_WHAT THE TASK ASKS:_ Among the entries below, extract exactly the lines that run from the one with "Pyragas control allows" through the one with "大家可以清晰的看到,紅色畫線", both ends included.

_DATA FOR ANALYSIS:_
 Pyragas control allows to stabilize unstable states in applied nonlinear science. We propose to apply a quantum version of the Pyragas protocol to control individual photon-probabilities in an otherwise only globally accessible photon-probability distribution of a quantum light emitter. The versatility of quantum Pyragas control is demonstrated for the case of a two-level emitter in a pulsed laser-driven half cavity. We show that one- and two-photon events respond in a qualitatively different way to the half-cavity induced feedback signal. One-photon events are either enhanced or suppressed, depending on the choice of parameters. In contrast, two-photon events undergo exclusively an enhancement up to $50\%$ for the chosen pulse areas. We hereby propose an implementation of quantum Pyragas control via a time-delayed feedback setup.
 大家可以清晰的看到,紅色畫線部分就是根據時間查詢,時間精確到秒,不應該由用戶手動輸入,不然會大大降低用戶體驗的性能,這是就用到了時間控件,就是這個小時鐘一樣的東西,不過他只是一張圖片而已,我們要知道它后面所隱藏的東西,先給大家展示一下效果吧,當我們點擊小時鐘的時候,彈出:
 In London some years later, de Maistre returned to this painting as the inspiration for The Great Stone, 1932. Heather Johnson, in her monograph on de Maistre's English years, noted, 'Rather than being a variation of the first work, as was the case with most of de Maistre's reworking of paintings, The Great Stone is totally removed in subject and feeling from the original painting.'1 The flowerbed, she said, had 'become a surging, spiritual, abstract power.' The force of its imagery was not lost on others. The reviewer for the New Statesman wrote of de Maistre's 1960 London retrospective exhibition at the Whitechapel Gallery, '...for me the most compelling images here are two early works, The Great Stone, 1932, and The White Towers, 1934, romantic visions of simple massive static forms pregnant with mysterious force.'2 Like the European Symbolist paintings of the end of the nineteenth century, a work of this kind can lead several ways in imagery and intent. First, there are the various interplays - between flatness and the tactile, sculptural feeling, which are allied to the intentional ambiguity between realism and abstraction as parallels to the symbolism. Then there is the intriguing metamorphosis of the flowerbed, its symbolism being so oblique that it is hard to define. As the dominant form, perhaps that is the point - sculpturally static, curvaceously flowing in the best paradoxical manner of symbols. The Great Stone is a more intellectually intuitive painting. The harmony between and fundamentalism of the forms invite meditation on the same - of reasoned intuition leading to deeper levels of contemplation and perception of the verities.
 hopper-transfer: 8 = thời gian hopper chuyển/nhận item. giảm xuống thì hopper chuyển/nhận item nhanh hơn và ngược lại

==

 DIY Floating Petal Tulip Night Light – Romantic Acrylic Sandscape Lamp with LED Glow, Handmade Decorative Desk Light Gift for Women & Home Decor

--

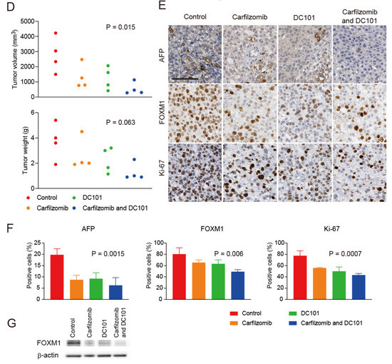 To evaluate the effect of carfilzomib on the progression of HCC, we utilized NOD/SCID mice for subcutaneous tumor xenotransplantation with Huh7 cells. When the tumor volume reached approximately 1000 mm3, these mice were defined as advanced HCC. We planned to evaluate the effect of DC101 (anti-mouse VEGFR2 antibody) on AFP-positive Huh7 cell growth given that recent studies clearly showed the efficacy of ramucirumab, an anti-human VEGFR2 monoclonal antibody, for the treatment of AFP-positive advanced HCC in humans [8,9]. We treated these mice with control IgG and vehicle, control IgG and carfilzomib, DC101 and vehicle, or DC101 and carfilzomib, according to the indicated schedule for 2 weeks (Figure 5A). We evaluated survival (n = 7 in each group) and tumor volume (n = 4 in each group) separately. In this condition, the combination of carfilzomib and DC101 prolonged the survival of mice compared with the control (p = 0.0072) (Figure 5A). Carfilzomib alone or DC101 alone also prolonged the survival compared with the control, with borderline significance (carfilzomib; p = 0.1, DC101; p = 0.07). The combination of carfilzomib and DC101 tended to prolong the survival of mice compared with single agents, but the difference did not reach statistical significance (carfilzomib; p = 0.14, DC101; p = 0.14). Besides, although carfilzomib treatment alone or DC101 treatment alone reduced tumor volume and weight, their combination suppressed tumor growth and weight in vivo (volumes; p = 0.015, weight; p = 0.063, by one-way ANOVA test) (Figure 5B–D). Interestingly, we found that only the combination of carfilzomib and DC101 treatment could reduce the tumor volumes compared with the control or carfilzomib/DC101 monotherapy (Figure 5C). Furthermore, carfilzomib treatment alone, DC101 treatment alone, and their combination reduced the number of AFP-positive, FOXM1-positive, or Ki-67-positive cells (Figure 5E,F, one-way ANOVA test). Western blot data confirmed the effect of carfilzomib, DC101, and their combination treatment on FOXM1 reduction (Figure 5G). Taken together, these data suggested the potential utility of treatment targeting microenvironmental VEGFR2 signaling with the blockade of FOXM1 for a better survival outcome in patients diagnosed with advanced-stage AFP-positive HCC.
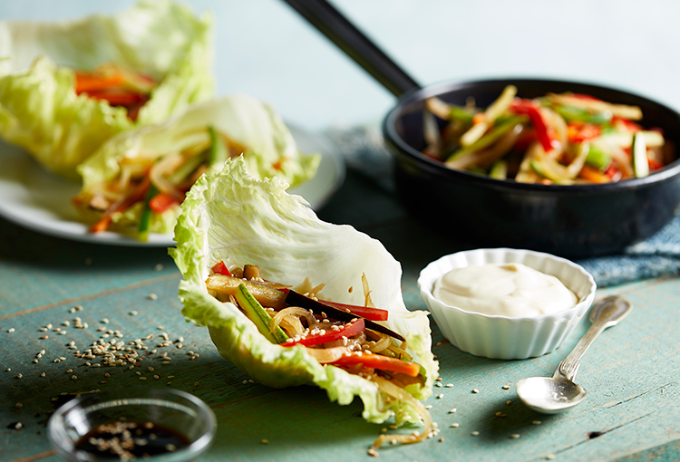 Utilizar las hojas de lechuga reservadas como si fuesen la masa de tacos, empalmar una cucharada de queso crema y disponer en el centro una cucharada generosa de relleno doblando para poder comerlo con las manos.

_EXERCISE OUTPUT:_
 Pyragas control allows to stabilize unstable states in applied nonlinear science. We propose to apply a quantum version of the Pyragas protocol to control individual photon-probabilities in an otherwise only globally accessible photon-probability distribution of a quantum light emitter. The versatility of quantum Pyragas control is demonstrated for the case of a two-level emitter in a pulsed laser-driven half cavity. We show that one- and two-photon events respond in a qualitatively different way to the half-cavity induced feedback signal. One-photon events are either enhanced or suppressed, depending on the choice of parameters. In contrast, two-photon events undergo exclusively an enhancement up to $50\%$ for the chosen pulse areas. We hereby propose an implementation of quantum Pyragas control via a time-delayed feedback setup.
 大家可以清晰的看到,紅色畫線部分就是根據時間查詢,時間精確到秒,不應該由用戶手動輸入,不然會大大降低用戶體驗的性能,這是就用到了時間控件,就是這個小時鐘一樣的東西,不過他只是一張圖片而已,我們要知道它后面所隱藏的東西,先給大家展示一下效果吧,當我們點擊小時鐘的時候,彈出:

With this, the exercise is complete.